GLM-5.1 is the __flagship open source AI model__ by Z.ai, designed for agentic engineering and long-horizon software development. MoE architecture with 754 billion parameters, __200K token__ context, and ability to work autonomously for over eight hours on a task, GLM-5.1 surpasses GPT-5.4 and Claude Opus 4.6 on SWE-Bench Pro. Available under MIT license, the model is used via Z.ai API, OpenRouter, NVIDIA NIM, or self-hosting.
What is GLM 5.1?
GLM-5.1 is the flagship model of the GLM (General Language Model) line developed by Z.ai. It builds on the GLM-4 suite but introduces several major technical breaks. The architecture is a Mixture of Experts called Dense-Sparse-Alternating, totaling 754 billion parameters with partial activation that maintains reasonable inference costs. The model supports 200,000 tokens in context and 128,000 tokens in output. It is specifically designed for agentic engineering tasks, long-horizon software development, code generation, extended reasoning, and tool use. The MIT license allows commercial use, fine-tuning, and self-hosted deployment without restriction.
Key Features
GLM-5.1 offers several differentiating features. The explicit thinking mode, or thinking mode, allows the model to reason step-by-step before producing the final answer, improving quality on complex tasks. Native function calling allows invoking external tools, structured output guarantees reliable JSON output, and context caching reduces costs on long conversations. MCP integration is natively supported, facilitating model use in standardized agent architectures. On performance, GLM-5.1 scores 58.4 on SWE-Bench Pro, surpassing GPT-5.4, Claude Opus 4.6, and Gemini 3.1 Pro. On the KernelBench Level 3 benchmark, the model achieves a 3.6x geometric speedup, versus 1.49x for torch.compile. The model is available through multiple channels: Z.ai API, NVIDIA NIM, OpenRouter, Vercel AI Gateway, Hugging Face for weights, and GitHub community for tools.
Use Cases
A dev team uses GLM-5.1 to automate massive refactorings on complex codebases, entrusting the model with tasks requiring hours of reasoning. An AI startup uses it to build autonomous agents capable of planning, coding, and testing software end to end. A GPU optimization researcher exploits the model’s KernelBench capabilities to generate high-performance CUDA kernels. An organization concerned with sovereignty deploys GLM-5.1 self-hosted to process sensitive data without depending on an external provider. An AI product editor integrates GLM-5.1 as the long-horizon reasoning engine in their vertical agent. Finally, university research teams exploit the model’s total openness to study agent behavior under autonomous execution.
Advantages
The main benefit of GLM-5.1 is the rare combination of frontier performance and total openness. Teams get a model at the level of proprietary leaders without contractual lock-in, without vendor dependency, and without fine-tuning limits. The extended 200K token context unlocks use cases on very large codebases without manual chunking.
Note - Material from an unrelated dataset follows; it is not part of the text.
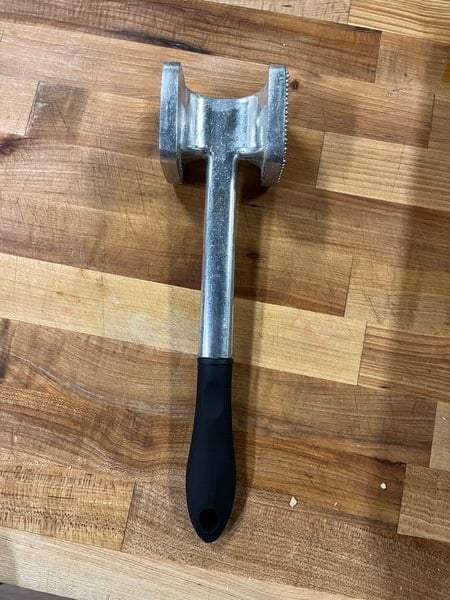 The product weighs a good amount and can easily flatten a chicken breast. The rubber handle doesn't feel 100% connected but rather just attached with a bolt of some sort as the handle seems to rock back and forth a little. Worried it may fall off in the future under normal use eventually.

Autonomous long-horizon execution capability reduces the human supervision needed for complex tasks. The MIT license allows the most demanding commercial uses, including in globally distributed SaaS products.
Pricing
GLM-5.1 is free under MIT license for weight download and self-hosting. Usage via Z.ai API, OpenRouter, or NVIDIA NIM is billed on usage, with very competitive pricing versus equivalent proprietary models. Z.ai also offers a free chat to test the model directly. For self-hosting, the main investment is the GPU infrastructure needed to serve a MoE model of this size. Multiple cloud partners offer managed inference at predictable rates, suitable for teams that don’t want to manage infrastructure.
Conclusion
GLM-5.1 has established itself as the open source model to beat in the agentic engineering category. Frontier performance, extended context, long-horizon autonomous execution, and MIT license make it an exceptional option for dev teams, AI startups, and sovereignty-conscious organizations. Remaining barriers mainly concern operational complexity at scale.